Please give back only the lines below from the one containing "為展示江蘇福彩公益品牌形象,回饋廣大彩民" to the one containing "Bicicletta per bambini", each repeated word for word, both ends included.

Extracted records
-*-
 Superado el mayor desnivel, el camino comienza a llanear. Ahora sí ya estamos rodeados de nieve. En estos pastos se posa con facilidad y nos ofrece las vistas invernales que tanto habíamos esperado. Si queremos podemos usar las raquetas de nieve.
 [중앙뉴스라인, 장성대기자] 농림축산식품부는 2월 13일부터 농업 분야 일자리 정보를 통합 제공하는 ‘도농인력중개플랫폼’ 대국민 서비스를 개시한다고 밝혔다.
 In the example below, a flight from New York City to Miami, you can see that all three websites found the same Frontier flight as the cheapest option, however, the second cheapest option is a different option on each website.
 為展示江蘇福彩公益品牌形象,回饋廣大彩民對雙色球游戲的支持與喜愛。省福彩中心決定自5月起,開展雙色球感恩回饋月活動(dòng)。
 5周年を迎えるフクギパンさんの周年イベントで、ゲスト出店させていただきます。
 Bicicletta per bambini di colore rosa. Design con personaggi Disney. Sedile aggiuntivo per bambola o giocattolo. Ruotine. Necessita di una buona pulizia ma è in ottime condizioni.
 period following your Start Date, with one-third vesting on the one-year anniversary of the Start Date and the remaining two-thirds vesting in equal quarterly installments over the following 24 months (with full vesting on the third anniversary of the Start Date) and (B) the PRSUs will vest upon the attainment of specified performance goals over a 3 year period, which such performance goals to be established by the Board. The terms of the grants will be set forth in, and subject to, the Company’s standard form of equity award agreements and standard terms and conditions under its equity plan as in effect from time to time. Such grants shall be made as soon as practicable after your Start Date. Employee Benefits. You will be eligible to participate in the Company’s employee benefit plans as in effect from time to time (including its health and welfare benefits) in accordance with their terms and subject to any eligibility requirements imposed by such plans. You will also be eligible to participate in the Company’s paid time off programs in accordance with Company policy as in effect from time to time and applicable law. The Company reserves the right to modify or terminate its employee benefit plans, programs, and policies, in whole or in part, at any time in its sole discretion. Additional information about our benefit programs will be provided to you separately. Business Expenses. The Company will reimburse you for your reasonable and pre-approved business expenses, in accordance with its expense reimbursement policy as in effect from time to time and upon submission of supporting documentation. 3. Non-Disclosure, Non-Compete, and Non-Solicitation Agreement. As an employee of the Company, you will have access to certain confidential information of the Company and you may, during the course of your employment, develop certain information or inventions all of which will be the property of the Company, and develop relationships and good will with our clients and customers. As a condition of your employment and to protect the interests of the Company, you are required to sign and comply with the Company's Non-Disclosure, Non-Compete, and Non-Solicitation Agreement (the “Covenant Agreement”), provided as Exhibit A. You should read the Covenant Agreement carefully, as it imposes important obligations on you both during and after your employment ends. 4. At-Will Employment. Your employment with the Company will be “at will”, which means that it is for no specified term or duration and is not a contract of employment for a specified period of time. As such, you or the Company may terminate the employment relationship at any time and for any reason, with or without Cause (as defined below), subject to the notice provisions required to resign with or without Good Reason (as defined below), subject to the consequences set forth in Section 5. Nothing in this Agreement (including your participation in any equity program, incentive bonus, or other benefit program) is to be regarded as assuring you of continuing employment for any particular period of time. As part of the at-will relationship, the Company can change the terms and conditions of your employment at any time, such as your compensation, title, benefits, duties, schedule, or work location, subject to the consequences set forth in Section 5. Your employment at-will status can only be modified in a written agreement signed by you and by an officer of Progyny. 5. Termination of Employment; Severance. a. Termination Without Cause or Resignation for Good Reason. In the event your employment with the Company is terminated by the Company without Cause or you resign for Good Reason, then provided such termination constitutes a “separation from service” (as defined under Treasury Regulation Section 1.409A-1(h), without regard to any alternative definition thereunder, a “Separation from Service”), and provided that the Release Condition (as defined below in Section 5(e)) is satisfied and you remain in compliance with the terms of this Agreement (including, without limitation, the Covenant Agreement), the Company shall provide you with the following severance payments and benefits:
-*-
*Output of the task*:
 為展示江蘇福彩公益品牌形象,回饋廣大彩民對雙色球游戲的支持與喜愛。省福彩中心決定自5月起,開展雙色球感恩回饋月活動(dòng)。
 5周年を迎えるフクギパンさんの周年イベントで、ゲスト出店させていただきます。
 Bicicletta per bambini di colore rosa. Design con personaggi Disney. Sedile aggiuntivo per bambola o giocattolo. Ruotine. Necessita di una buona pulizia ma è in ottime condizioni.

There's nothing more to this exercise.